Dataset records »
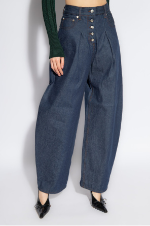 Navy blue balloon jeans from Jacquemus. Falling with wide legs that taper slightly towards the ankles, this pair features button fastenings, classic five-slip pockets and a brown patch with an embossed logo on the back.
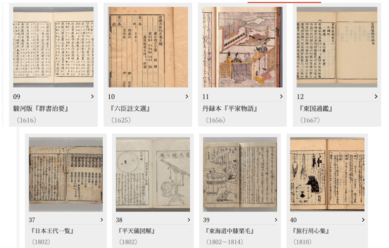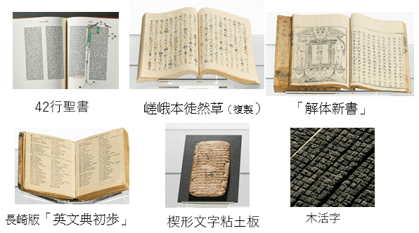 日本最古の印刷物「百万塔陀羅尼」(764-770)、伏見版『貞観政要』(1600)、「グーテンベルク 42行聖書 原葉」(1455)、「和蘭天説」(1796)、「駿河版銅活字」)1606-1616)、「築地活字木活字」(収蔵、1869)など。
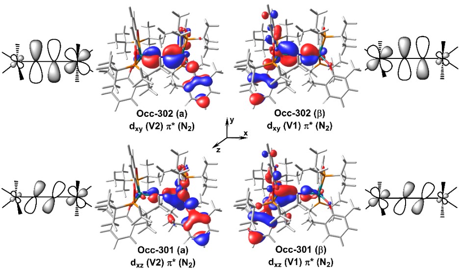 图2. 钒的双氮配合物分子轨道分析
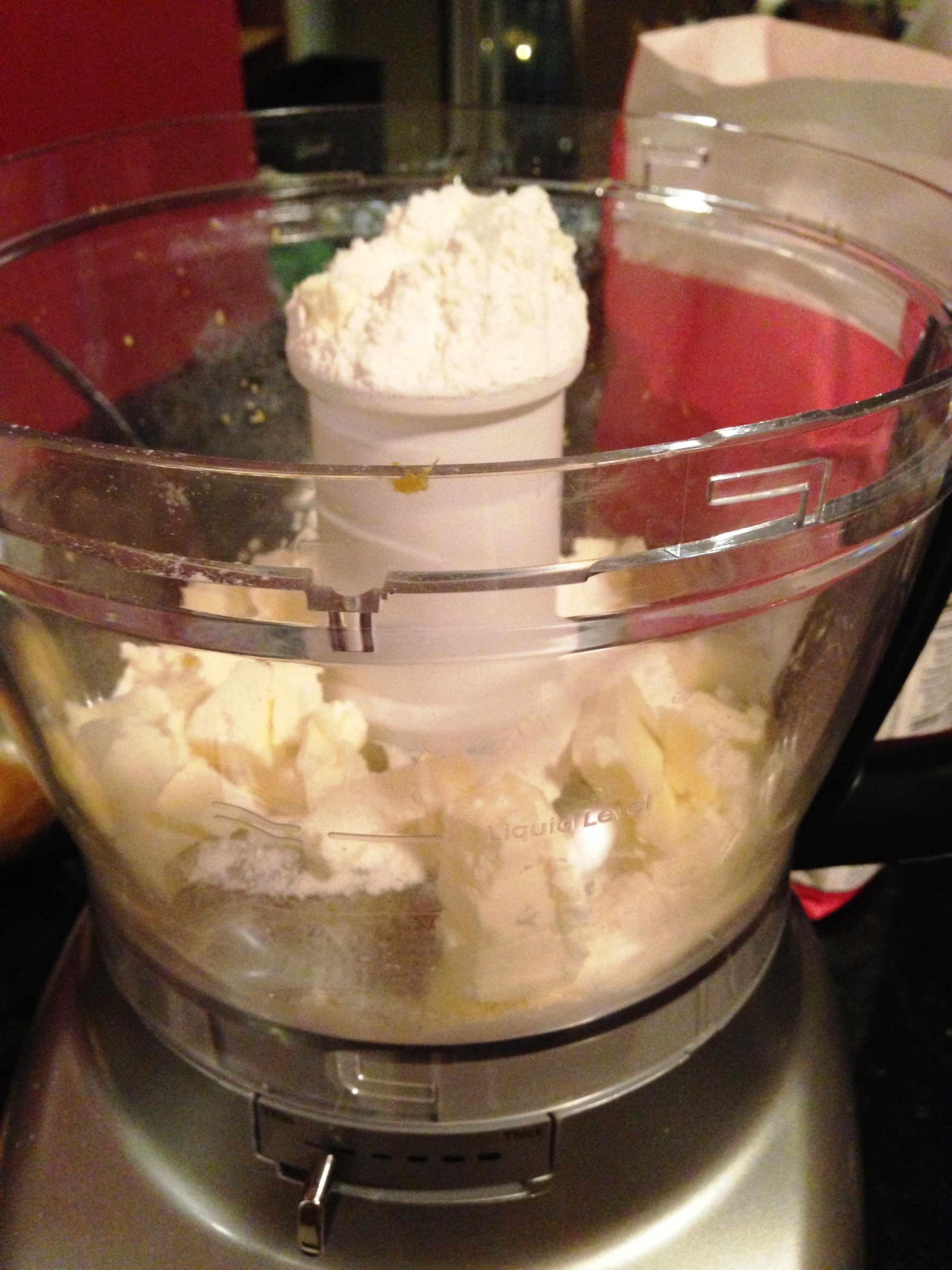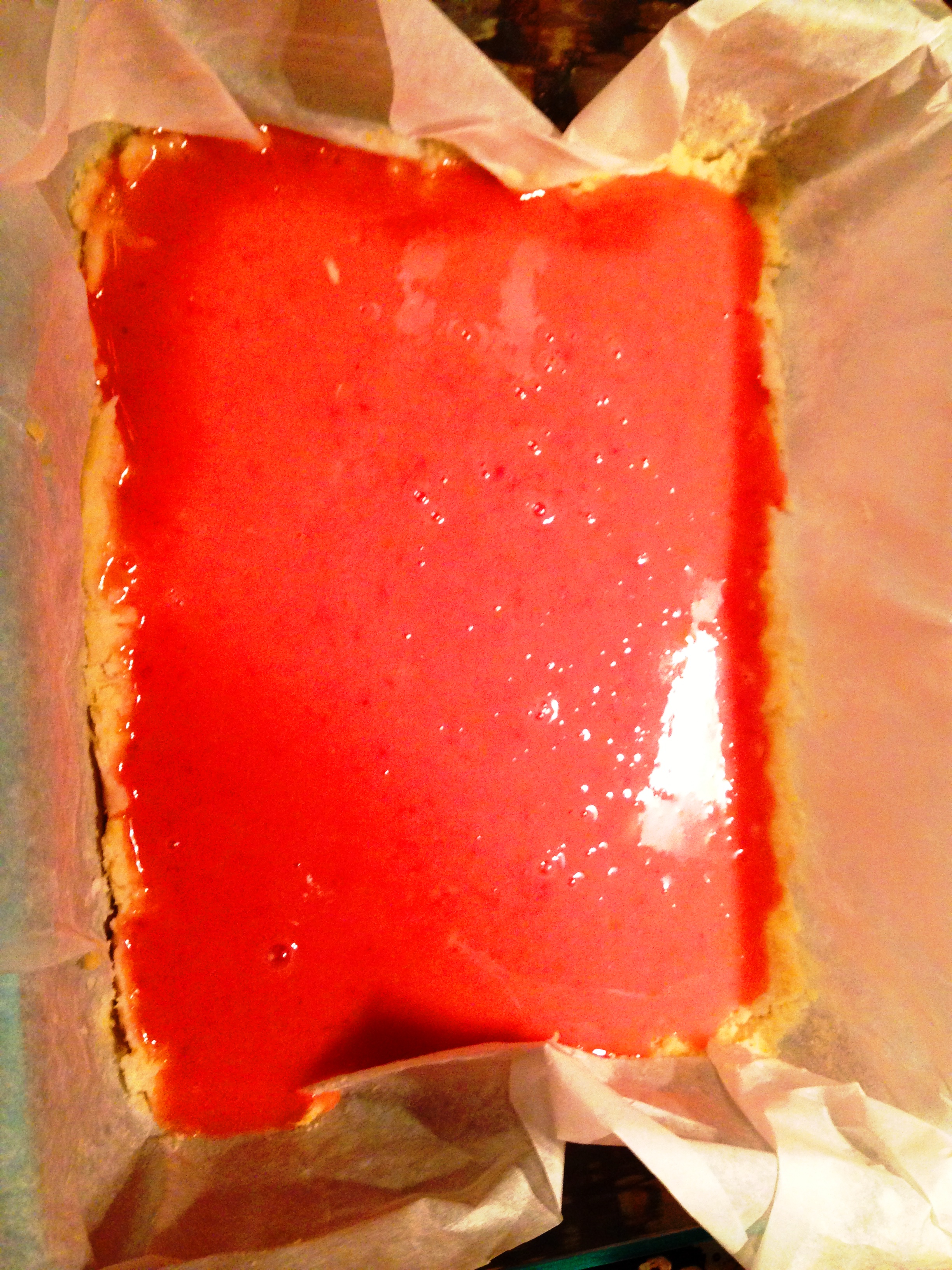 So, put all of the base ingredients in the food processor and pulse until it makes a crumbly mixture. Pour that into your parchment lined pan and use the back of a measuring cup to pat in. This won’t look great but really it’s just a vehicle for you to eat lemon heaven without having to put your paws directly on the pink goo part so don’t stress. You’ll want it about 0.5 inches up the sides and even on the bottom.
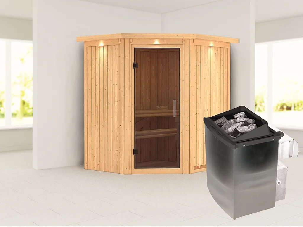 Sauna Systemsauna Taurin mit Dachkranz, inkl. 9 kW Ofen mit integrierter Steuerung
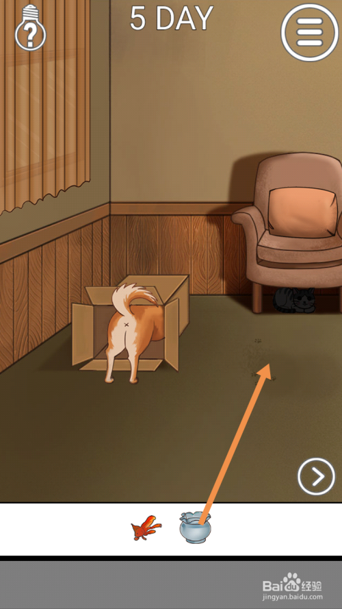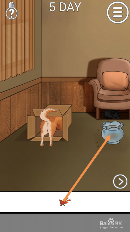 在左边房间里,将鱼缸拖动到地上,然后将鱼拖动到鱼缸旁。
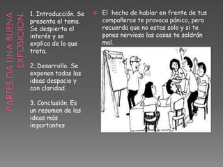 Este documento proporciona instrucciones para dar una buena exposición oral o escrita. Explica que una exposición debe tener una introducción, desarrollo y conclusión. Además, recomienda elegir un tema interesante, investigarlo a profundidad, organizar la información de manera lógica y usar materiales visuales para respaldar las ideas principales. La preparación y concentración son claves para una presentación exitosa.
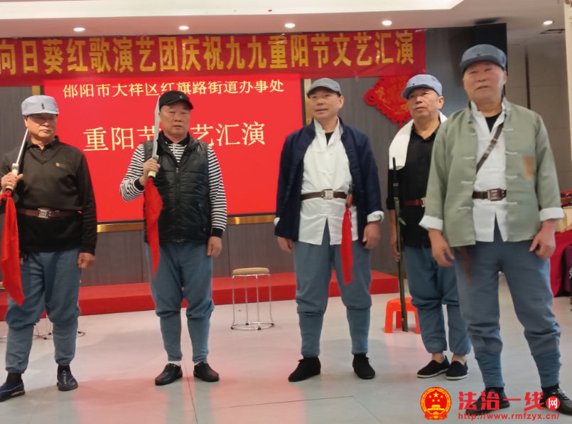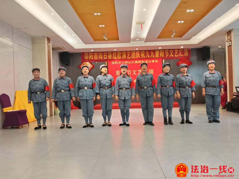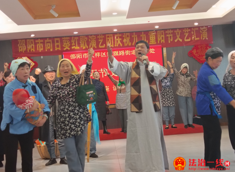 大祥区红旗街道办红旗社区“向日葵红歌演艺团”为庆祝九九重阳节而精心组织奉献了一曲曲经典红歌。他们以不同曲艺,多题材,多方式表演,卓有穿越时空感情,把观众带回战火纷飞的年代,再现英雄楷模。

WORK TO COMPLETE »
In the data, the line that contains "So, put all" begins the part to write out; restate it and each line after it word for word through the end, with no pictures.

TASK OUTPUT »
 So, put all of the base ingredients in the food processor and pulse until it makes a crumbly mixture. Pour that into your parchment lined pan and use the back of a measuring cup to pat in. This won’t look great but really it’s just a vehicle for you to eat lemon heaven without having to put your paws directly on the pink goo part so don’t stress. You’ll want it about 0.5 inches up the sides and even on the bottom.
 Sauna Systemsauna Taurin mit Dachkranz, inkl. 9 kW Ofen mit integrierter Steuerung
 在左边房间里,将鱼缸拖动到地上,然后将鱼拖动到鱼缸旁。
 Este documento proporciona instrucciones para dar una buena exposición oral o escrita. Explica que una exposición debe tener una introducción, desarrollo y conclusión. Además, recomienda elegir un tema interesante, investigarlo a profundidad, organizar la información de manera lógica y usar materiales visuales para respaldar las ideas principales. La preparación y concentración son claves para una presentación exitosa.
 大祥区红旗街道办红旗社区“向日葵红歌演艺团”为庆祝九九重阳节而精心组织奉献了一曲曲经典红歌。他们以不同曲艺,多题材,多方式表演,卓有穿越时空感情,把观众带回战火纷飞的年代,再现英雄楷模。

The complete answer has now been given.